**Aim of the task**
Look through the listing below for the line with "Rep. Angelo Marcos" and the line with "SULLMAR洗甲棉 1000片袋装 除膠". Copy both, along with every line between them, exactly and with no pictures.

**Input**
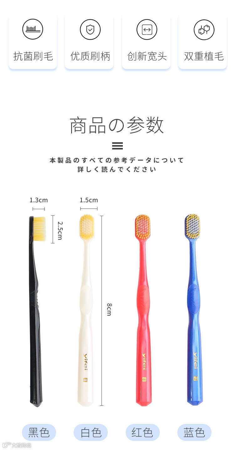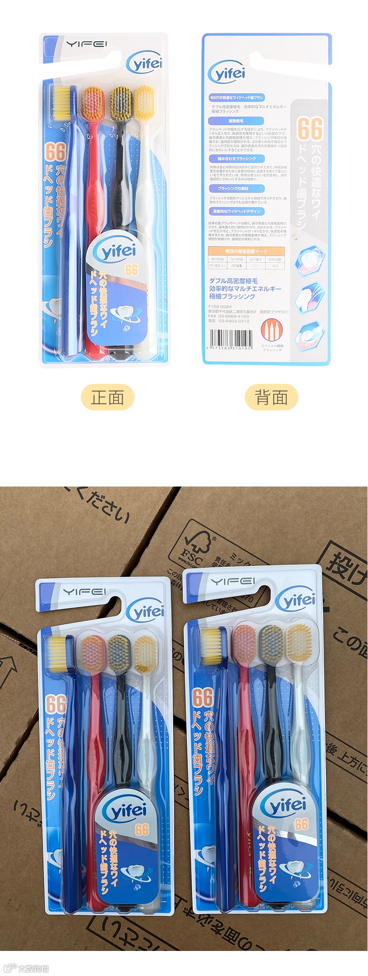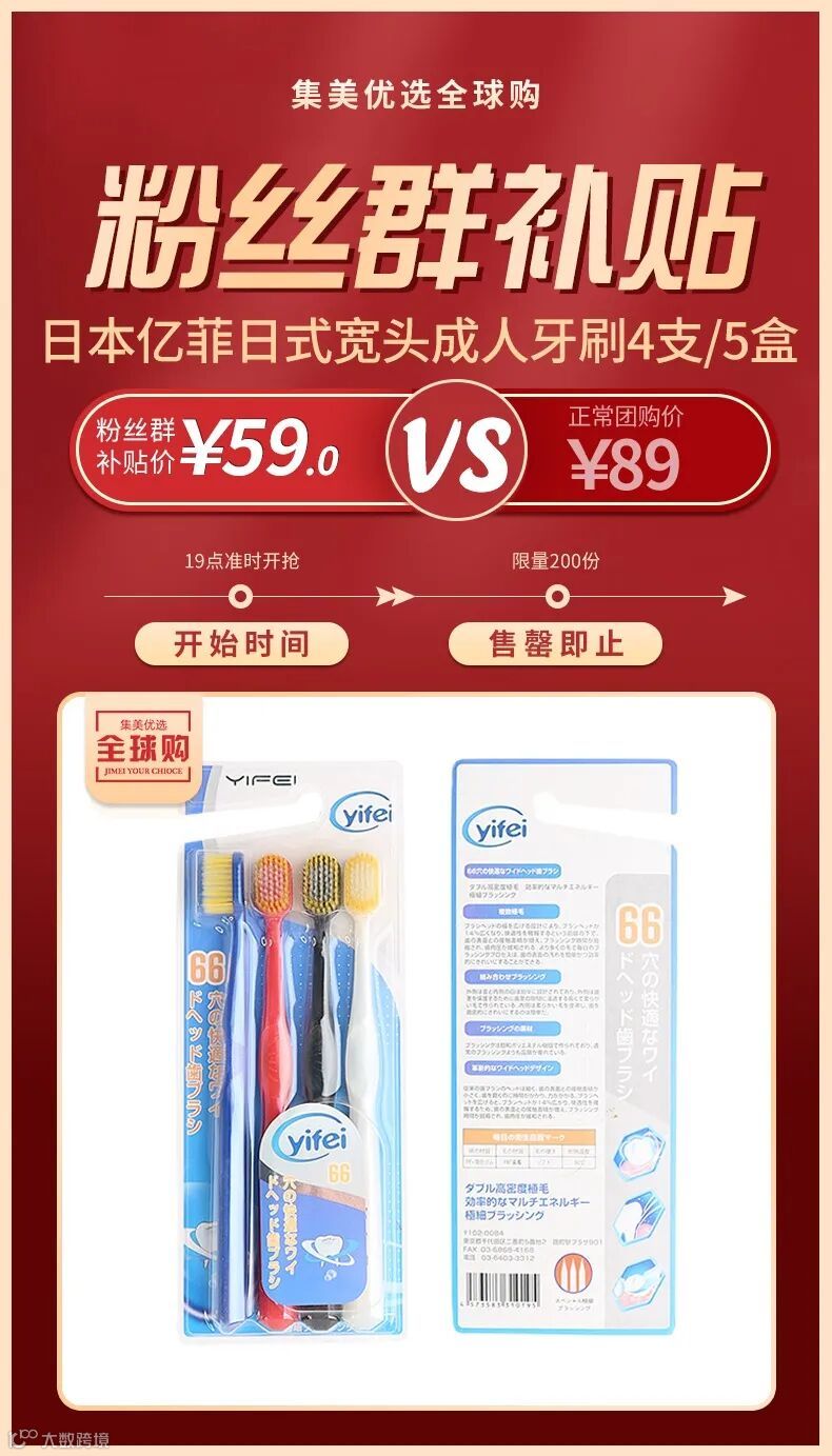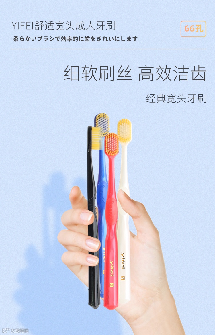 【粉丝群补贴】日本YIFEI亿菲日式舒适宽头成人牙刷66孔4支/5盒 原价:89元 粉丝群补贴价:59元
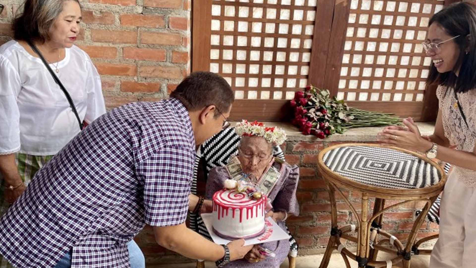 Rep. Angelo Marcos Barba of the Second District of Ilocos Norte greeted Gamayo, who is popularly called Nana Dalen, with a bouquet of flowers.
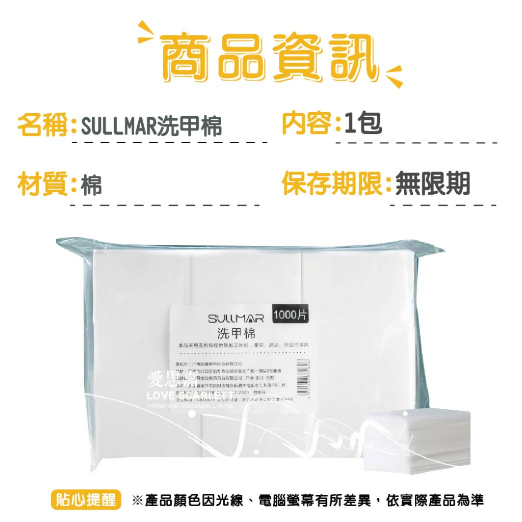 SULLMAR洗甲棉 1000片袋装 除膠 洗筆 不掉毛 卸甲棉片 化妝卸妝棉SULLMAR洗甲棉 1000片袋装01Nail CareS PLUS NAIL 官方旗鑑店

---

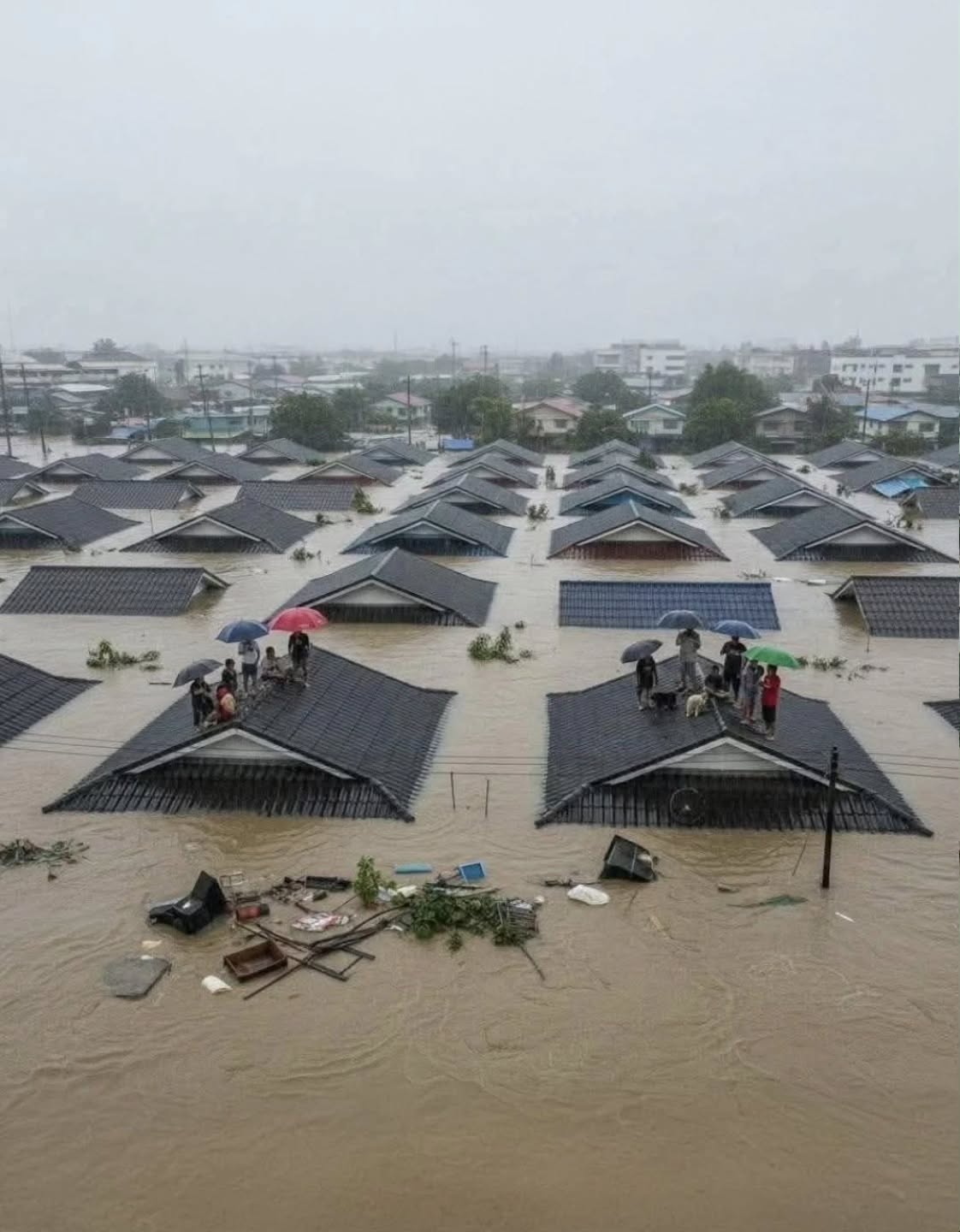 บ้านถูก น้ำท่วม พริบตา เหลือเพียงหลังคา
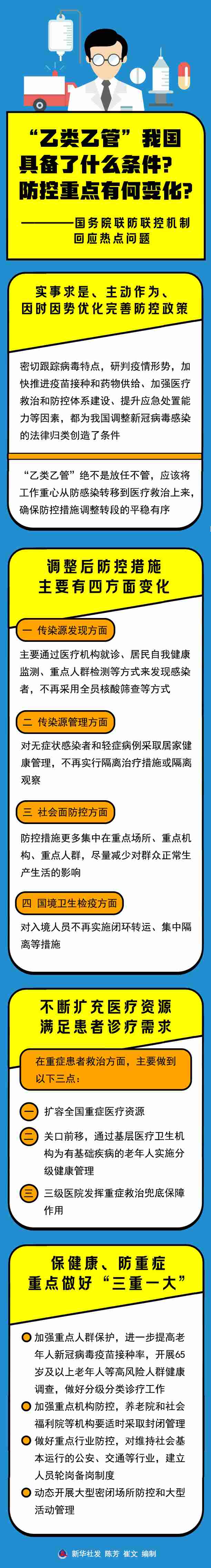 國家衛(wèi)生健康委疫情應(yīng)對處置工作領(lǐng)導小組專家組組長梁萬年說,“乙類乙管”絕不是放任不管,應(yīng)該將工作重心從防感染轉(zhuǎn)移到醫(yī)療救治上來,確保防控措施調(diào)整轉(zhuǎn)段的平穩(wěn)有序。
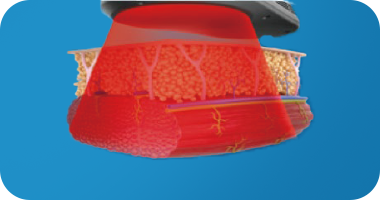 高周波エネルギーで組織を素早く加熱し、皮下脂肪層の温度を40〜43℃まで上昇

...

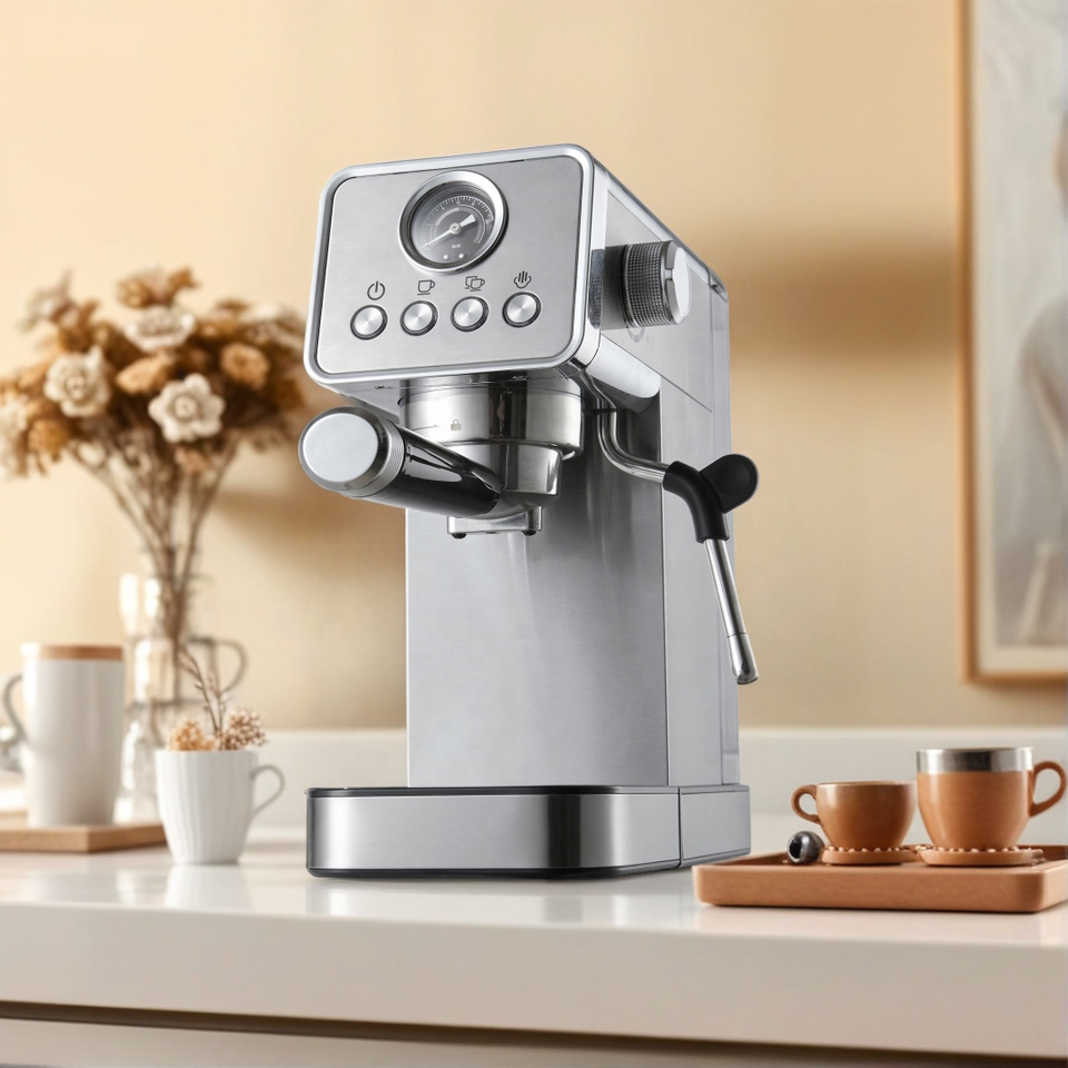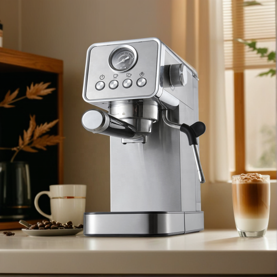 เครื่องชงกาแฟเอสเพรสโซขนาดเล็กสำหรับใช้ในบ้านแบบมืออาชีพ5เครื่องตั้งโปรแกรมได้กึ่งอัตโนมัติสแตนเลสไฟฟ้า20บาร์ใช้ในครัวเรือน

**Answer space**
 Rep. Angelo Marcos Barba of the Second District of Ilocos Norte greeted Gamayo, who is popularly called Nana Dalen, with a bouquet of flowers.
 SULLMAR洗甲棉 1000片袋装 除膠 洗筆 不掉毛 卸甲棉片 化妝卸妝棉SULLMAR洗甲棉 1000片袋装01Nail CareS PLUS NAIL 官方旗鑑店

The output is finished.